В исламской теологии такое продолжение развития не удалось. Реза Хайятпур, бывший шиитский священнослужитель, ныне работающий в университете Бамберга, говорит об этом: «Историко-критический метод, который со времён Просвещения по сей день пробивал себе путь в западное образование, не мог даже зачаточно пробудить интерес исламских теологов. Содержание веры и тексты откровения, согласно их официальной теологии, нельзя подвергать историко-критическому методу». Теологи, которые делают или делали это, не получают кафедру, а то и вовсе преследуются. Это относится к Ирану и Египту в равной мере{353}
. Другими словами: господствующая теология ислама отвергает в своей совокупности просвещение и тем самым остаётся в прошлом.По этой причине умеренные и радикальные сочинения, а также и те, что призывают к насилию, вновь и вновь вдруг оказываются рядом: «Имам женевской мечети, Хани Рамадан, вызвал большое раздражение, выступив за побивание камнями неверных жён. Его собственный брат, социолог Тарик Рамадан, напротив, настойчиво выступает за мораторий на телесные наказания в исламском мире». Der Spiegel резюмирует: «Ясно одно: женщинам в исламе в любом случае предстоит ещё долгий путь»{354}
.Коран имеет «абсолютное притязание на истину», пишет немецкий востоковед Тильман Нагель, поэтому многие мусульмане считают смену религии, отречение от веры тяжким грехом, за который полагается, по мнению многих исламских учёных в Саудовской Аравии и Афганистане, смертная казнь. При этом как раз смена религии или переход к атеизму и является тестом на свободу совести, Там, где такой переход возможен без опасности и санкций, можно не рассуждать о свободе совести. «Важнейшим индикатором для отказа ислама примириться, наконец, с современностью является его глубоко укоренившаяся враждебность по отношению к плюрализму, — пишут британские журналисты Джон Миклетуэйт и Эдриен Вулдридж. — Сосуществование различных мировоззрений есть решающий признак современности»{355}
.На основании того факта, что ислам в преобладающем большинстве своих течений отказывается от просвещения и отвергает плюрализм, он не может мыслиться без исламизма и терроризма, хотя 95 % мусульман миролюбивы. Переходы размыты, идеологии слишком сильны, а плотность насильственных и террористических событий слишком велика.

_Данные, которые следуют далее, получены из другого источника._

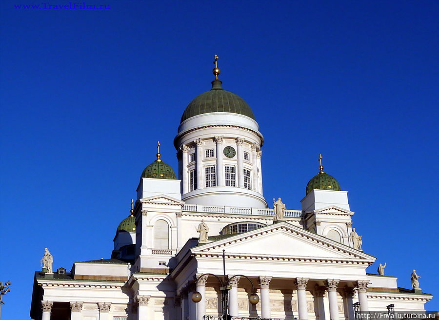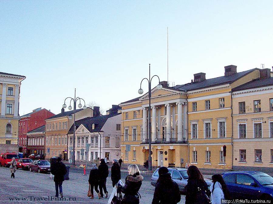 Кафедральный собор на Сенатской площади (1830-52 г.), Государственный совет и Университет, а в центре площади — памятник российскому императору Александру II.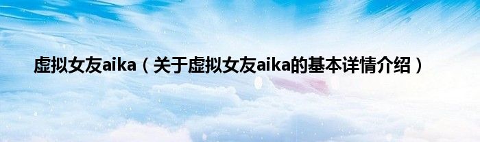 本文关于虚拟女友aika的基本详情介绍就讲解完毕,希望对大家有所帮助。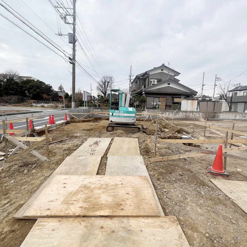 基礎工事 根切り工事・割栗石敷きが始まりました。
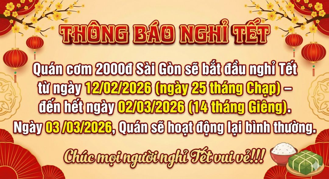 Quán cơm 2000đ Sài Gòn sẽ bắt đầu nghỉ Tết từ ngày 12/02/2026 (ngày 25 tháng Chạp) – đến hết ngày 02/03/2026 (14 tháng Giêng).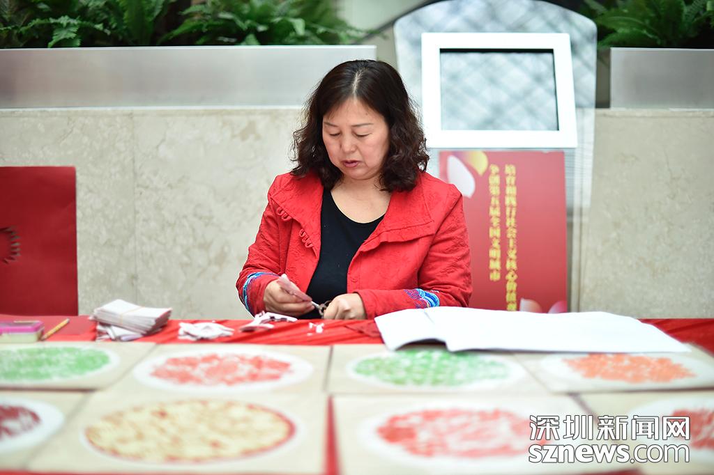 活動(dòng)現(xiàn)場(chǎng)的剪紙藝人正在創(chuàng)作,剪紙藝術(shù)已列入國(guó)家級(jí)非物質(zhì)文化遺產(chǎn)名錄,也列入了聯(lián)合國(guó)“人類非物質(zhì)文化遺產(chǎn)代表作名錄”。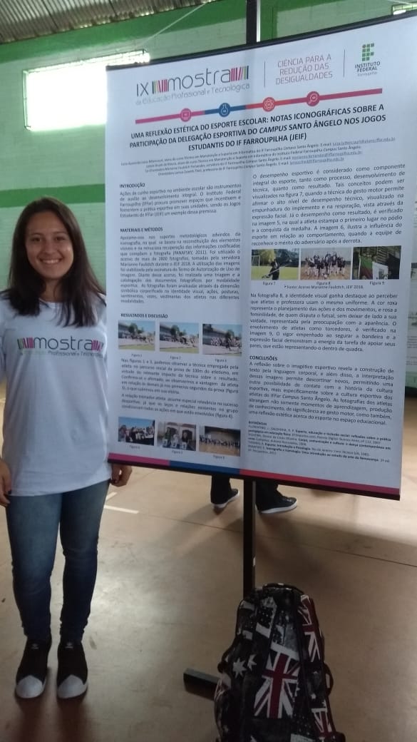 - Uma reflexão estética do esporte escolar: notas iconográficas sobre a participação da delegação esportiva do Campus Santo Ângelo nos Jogos Estudantis do IF Farroupilha (JEIF), apresentado por Luiza Bittencourt;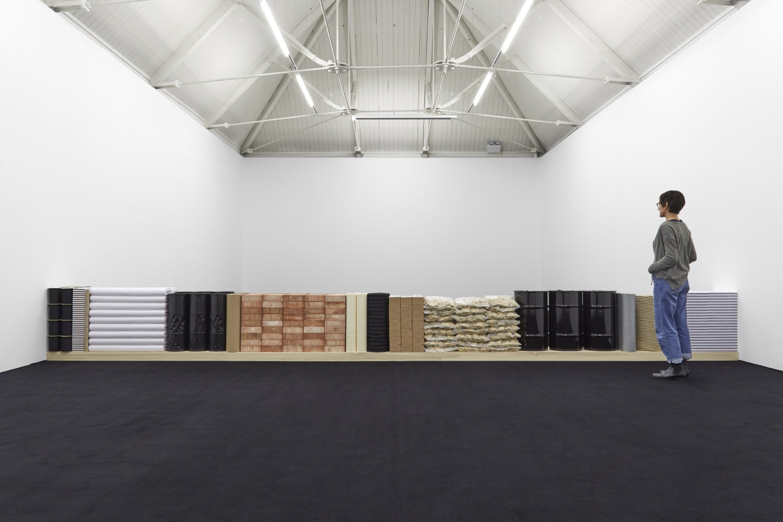 The work was created using a radical and unconventional process, employed by Marcelle for the first time within this exhibition. Having meticulously built two identical barrier-like structures, each made using equal quantities of natural and industrial materials including brick, chalk, cotton and soil, Marcelle invited six local artists and technicians to destabilise, destroy, and rebuild one of the structures. The process was undertaken over the course of a week, during which time no one other than the invited artists were permitted to enter the space, including Marcelle herself. Destabilising the expectation of creative authorship in favour of collective decision-making, the result is a playful, dramatic and totally unexpected intervention.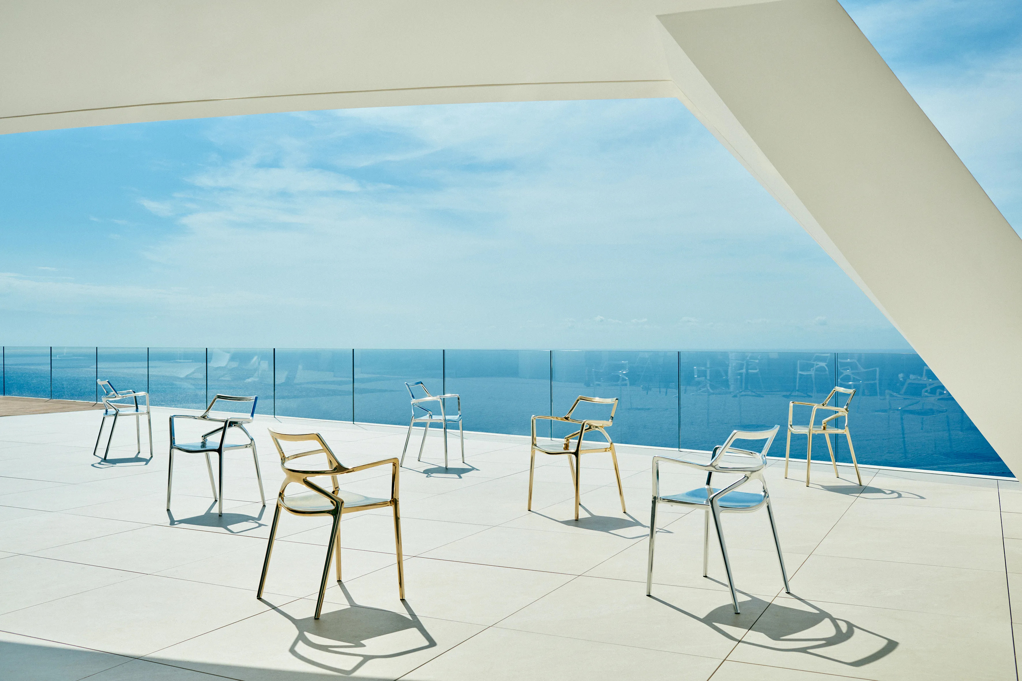 Az új színek, Arany és Ezüst, túllépnek az egyszerűségen, vizuális hatásukkal glamour-t, szépséget, varázst, modernitást és eleganciát kölcsönözve bármely térnek. A Delta kollekció tökéletesen illeszkedik kortárs belső és külső terekbe. Az injektált alumínium alap és az extrudált alumínium oszlop időjárásálló tulajdonságai miatt ideális kültéri használatra. Az összecsukható asztallap és a talp kialakítása lehetővé teszi az asztalok egymás mellé sorolását, helytakarékosság céljából. A DELTA szék célja egy időtálló termék létrehozása volt, amely folyamatosan egyensúlyt keres a realizmus és szürrealizmus, anyag és antianyag, absztrakció és érzelem között. A kollekció célja az érzelmek maximalizálása, miközben a források minimalizálása, megkérdőjelezve az újdonság közös logikáját.
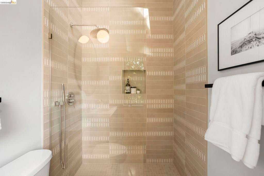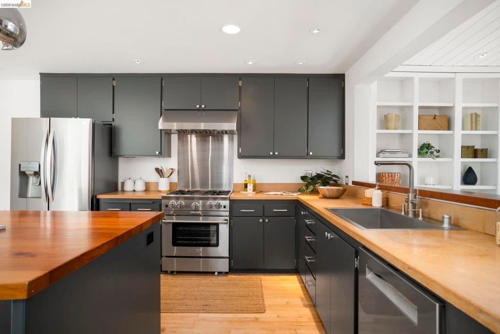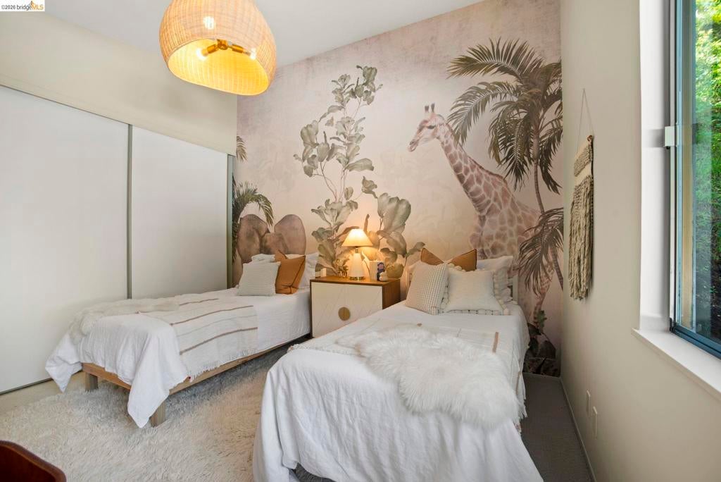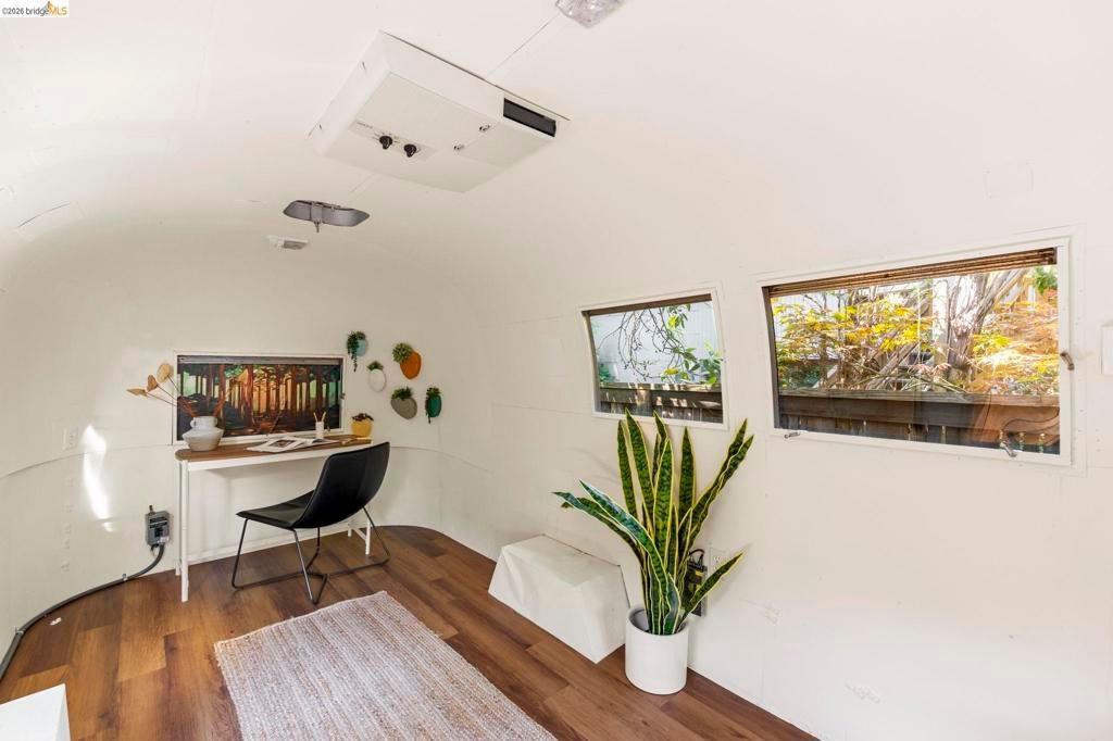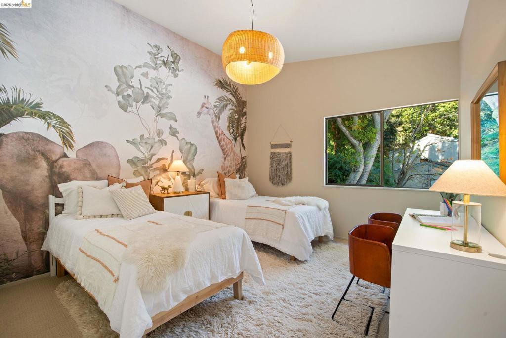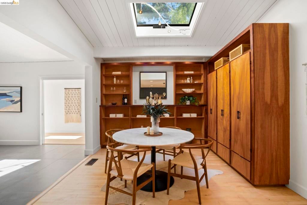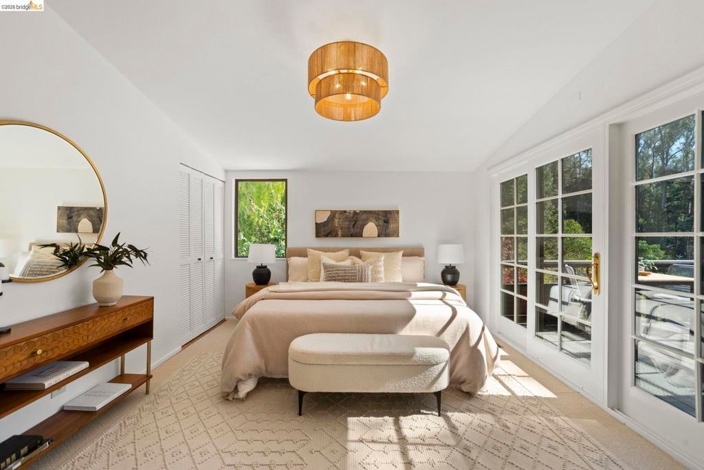 Wooded Montclair Hills Retreat on Private Road. Set on over 1/3 acre along a private road, this distinctive Oakland Hills residence offers exceptional privacy w/flowering trees, lush native plantings, mature wooded grounds & a relaxed Big Sur atmosphere rarely found this close to the city. The main level is anchored by a den w/dramatic corner wall of glass offering uninterrupted views into the surrounding tree canopy. The adjacent chef's kitchen features maple floors, a large center island w/custom hardwood top, stone countertops, stainless steel appliances & pendant lighting, w/a natural flow toward the den ideal for entertaining. A dining room connects to a sunken living room w/its own fireplace & slider doors opening onto rear gardens & spacious decks w/a Japanese-style wood hot tub & elevated forested views. Upstairs, the primary suite includes a refreshed bath & private deck, w/two additional bedrooms w/forested outlooks & a refreshed hall bath completing the upper level. A pergola-beamed two-car garage w/direct interior access & a classic Airstream ideal as a home office complete the grounds. Backup generator & EV charger included. Minutes from Montclair Village shops & restaurants & nearby railroad trail, access & Highway 13. Open Saturday & Sunday, come fall in love!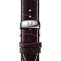 Крупный белый циферблат имеет три дополнительных счётчика хронографаХронографФункция позволяет измерять отрезки времени с особой точностью: часы, минуты, секунды. Верным признаком хронографа является наличие на циферблате 3 дополнительных окошек-счётчиков., что придаёт модели спортивную стилистику. Классический цвет идеально сочетается с тёмно-коричневым ремешком из натуральной кожи, рисунок имитирует кожу крокодила. Часы оснащены кварцевым механизмом ETA G10.211. Сапфировое стекло. Корпус из нержавеющей стали. Секундомер, отображение даты. Габариты: 42 x 42 x 11 мм.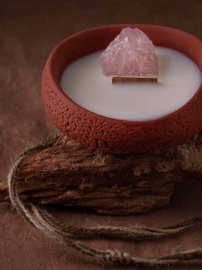 Hand-poured with a natural blend of soy wax, palm wax (sustainably sourced), and beeswax, this candle is infused with Strawberry Quartz, the crystal of romance, charm, and joyful connection. Resting in a handcrafted cement vessel and sealed with cinnabar-inked paper, it invites tenderness into every moment.
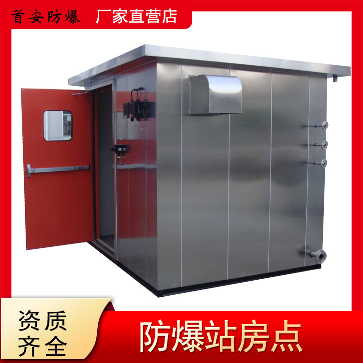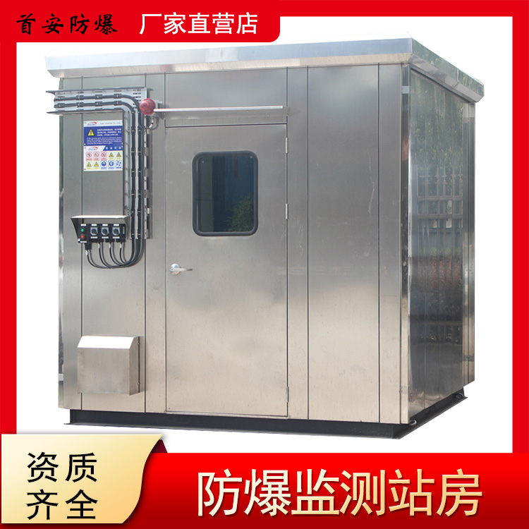 防爆监测站房就是是人们常说的防爆小屋,又叫防爆分析小屋。它是人们在石油化工环保等各行业中为检测有毒有害易燃易爆气体所设计制造的特殊房子,房子一般体积不大,多采用不锈钢或碳钢等钢材制作,房间内安装配电设备、照明设备、通风设备、分析仪等部件,如果作为临时避难的话,还要安装生命支持系统,语音联络监控系统等。防爆站房的材质采用1.2到1.5厚304不锈钢板制成,内墙一般采用1.2厚碳钢板或不锈钢板,不锈钢防爆站房底座采用12#U型槽钢焊接成型,底部焊接方管格栅,上方加焊防滑花纹钢板。不锈钢分析小屋在实用方面要优越于其他结构的分析小屋,具有更好的防腐、防潮等性能,现场安装更加方便,具有可回收性能,方便现场不使用可转移到别的地方。

Мусульмане в Германии и остальной Европе подвержены культурному и религиозному влиянию, которое скрыто от наших глаз и которым мы тем более не можем управлять. Мы терпим рост культурно отличного от нас меньшинства, укоренение которого в секулярном обществе недостаточно, оно не обладает нашим масштабом толерантности и плодится сильнее, чем общество, принявшее его к себе. Нам нельзя закрывать глаза на противоречивые движения в исламском мире и на тенденцию к распространению радикализации, которая, кстати, не имеет ничего общего с бедностью и необразованностью, что нам вновь и вновь пытаются внушить. История исламского терроризма всё больше показывает, что как раз образованные молодые мужчины из благополучных мусульманских семей, с учётом того, что становится всё больше обращённых в эту веру из европейских стран, особенно восприимчивы к радикальным позициям вплоть до пособничества террору{356}
. Клод Берли обработал 285 биографий «мучеников», о смерти которых сообщалось в журналах движения ХАМАС. Они редко были выходцами из бедных семей и зачастую посещали колледж или университет{357}. Навид Кермани также обвиняет интеллектуальный вампиризм ортодоксального ислама{358}. Он указывает на то, что террористы и убийцы приходят вовсе не из параллельного общества, а, скорее, из буржуазных образованных слоёв, где обращение к исламизму представляет собой романтический поиск своих предполагаемых корней, но традиции его поняты ложно, поскольку в исламизме однозначность (и тем самым радикальность) заступает на место традиционной исламской двусмысленности. В остальном Кермани не оспаривает тот факт, что исламистские и потенциально террористские тенденции во всём исламском мире нарастают. Это подтверждает статистика: насилие и террор из исламистского угла по всему миру не убывает, а увеличивается. В 2009 г. в США было столько террористических актов и покушений на убийство, как ни в каком другом году со времени 11 сентября 2001 г.{359}Нечёткая разделительная линия между исламом и радикализмом, фундаментализмом и насилием, высокая фертильность мусульманских мигрантов и подавление женщин, которое многих отталкивает, — всё это подготавливает немусульманскому населению лишние заботы и вызывает рост отторжения исламской миграции не только в Германии, но и по всей Европе. Эти заботы и тревоги, оправданные или нет, подвергаются доносительству под клеймом «исламофобии» — понятие, которое охотно приводят наряду с «расизмом» и «антисемитизмом»{360}
. Это должно произвести эффект запугивания. Турецкий премьер-министр Эрдоган использует это слово особенно часто, и это ему ещё аукнется.